## What is expected
Among the entries below, only the lines from the one with "复赛阶段,由beat365官" through the one with "比赛进行到第37分钟,奥赖利" are to be retyped, exactly and without pictures.

## Records provided
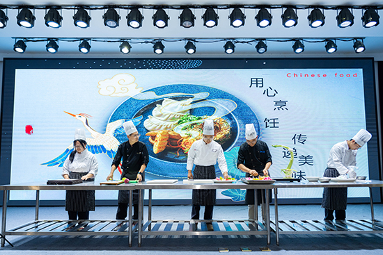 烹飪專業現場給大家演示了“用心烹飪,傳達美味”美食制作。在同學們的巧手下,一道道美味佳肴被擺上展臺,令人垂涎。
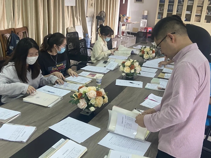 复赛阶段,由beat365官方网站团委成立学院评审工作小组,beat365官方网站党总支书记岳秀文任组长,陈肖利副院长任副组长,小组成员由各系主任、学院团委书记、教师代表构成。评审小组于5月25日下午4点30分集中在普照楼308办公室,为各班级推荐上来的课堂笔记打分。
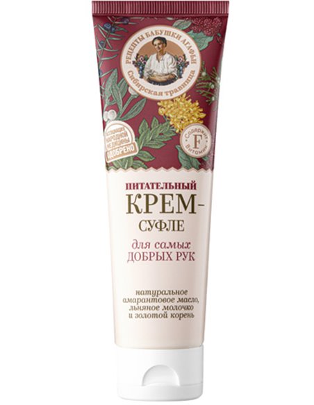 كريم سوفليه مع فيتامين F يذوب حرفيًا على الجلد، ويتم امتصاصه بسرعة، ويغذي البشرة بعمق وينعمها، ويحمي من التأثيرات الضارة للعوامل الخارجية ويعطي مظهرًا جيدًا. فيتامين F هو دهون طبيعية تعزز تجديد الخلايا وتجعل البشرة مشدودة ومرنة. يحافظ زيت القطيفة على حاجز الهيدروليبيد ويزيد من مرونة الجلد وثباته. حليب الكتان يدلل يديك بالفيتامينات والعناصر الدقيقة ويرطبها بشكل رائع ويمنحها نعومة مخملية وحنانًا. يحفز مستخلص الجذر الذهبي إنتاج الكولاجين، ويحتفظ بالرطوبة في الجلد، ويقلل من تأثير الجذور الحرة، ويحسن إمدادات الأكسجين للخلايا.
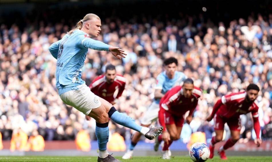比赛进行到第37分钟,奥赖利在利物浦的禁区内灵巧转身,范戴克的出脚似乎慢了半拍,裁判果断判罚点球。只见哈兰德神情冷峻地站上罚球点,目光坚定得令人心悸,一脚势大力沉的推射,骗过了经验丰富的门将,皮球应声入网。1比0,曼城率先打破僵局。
--
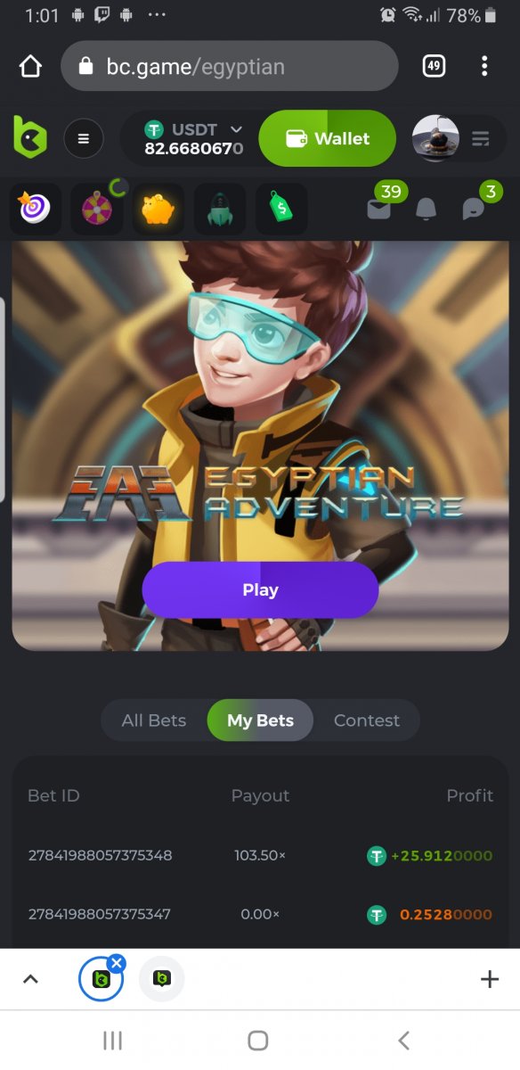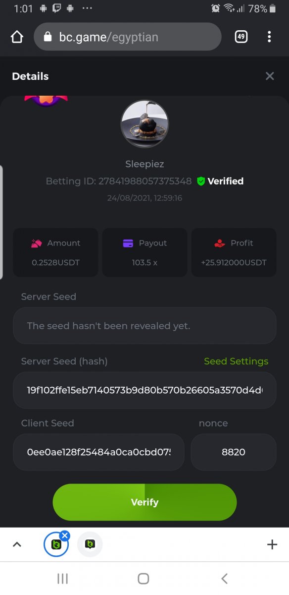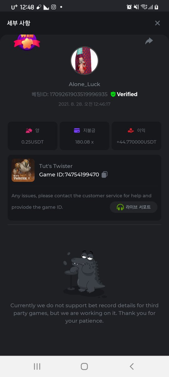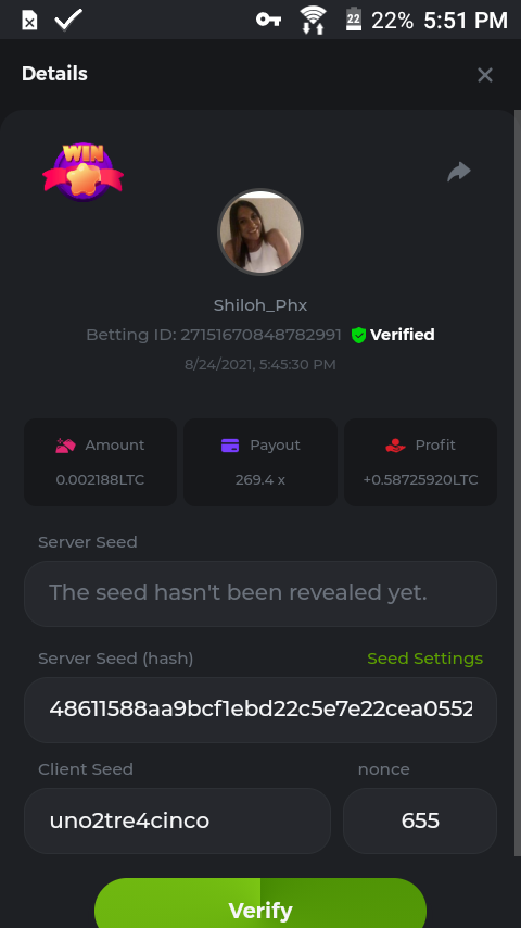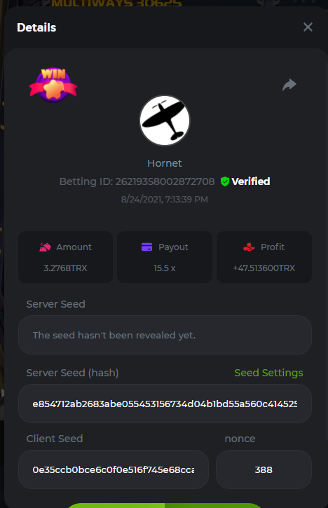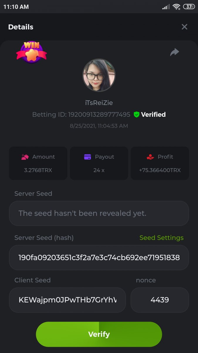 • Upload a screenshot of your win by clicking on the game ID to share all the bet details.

## Output below
 复赛阶段,由beat365官方网站团委成立学院评审工作小组,beat365官方网站党总支书记岳秀文任组长,陈肖利副院长任副组长,小组成员由各系主任、学院团委书记、教师代表构成。评审小组于5月25日下午4点30分集中在普照楼308办公室,为各班级推荐上来的课堂笔记打分。
 كريم سوفليه مع فيتامين F يذوب حرفيًا على الجلد، ويتم امتصاصه بسرعة، ويغذي البشرة بعمق وينعمها، ويحمي من التأثيرات الضارة للعوامل الخارجية ويعطي مظهرًا جيدًا. فيتامين F هو دهون طبيعية تعزز تجديد الخلايا وتجعل البشرة مشدودة ومرنة. يحافظ زيت القطيفة على حاجز الهيدروليبيد ويزيد من مرونة الجلد وثباته. حليب الكتان يدلل يديك بالفيتامينات والعناصر الدقيقة ويرطبها بشكل رائع ويمنحها نعومة مخملية وحنانًا. يحفز مستخلص الجذر الذهبي إنتاج الكولاجين، ويحتفظ بالرطوبة في الجلد، ويقلل من تأثير الجذور الحرة، ويحسن إمدادات الأكسجين للخلايا.
比赛进行到第37分钟,奥赖利在利物浦的禁区内灵巧转身,范戴克的出脚似乎慢了半拍,裁判果断判罚点球。只见哈兰德神情冷峻地站上罚球点,目光坚定得令人心悸,一脚势大力沉的推射,骗过了经验丰富的门将,皮球应声入网。1比0,曼城率先打破僵局。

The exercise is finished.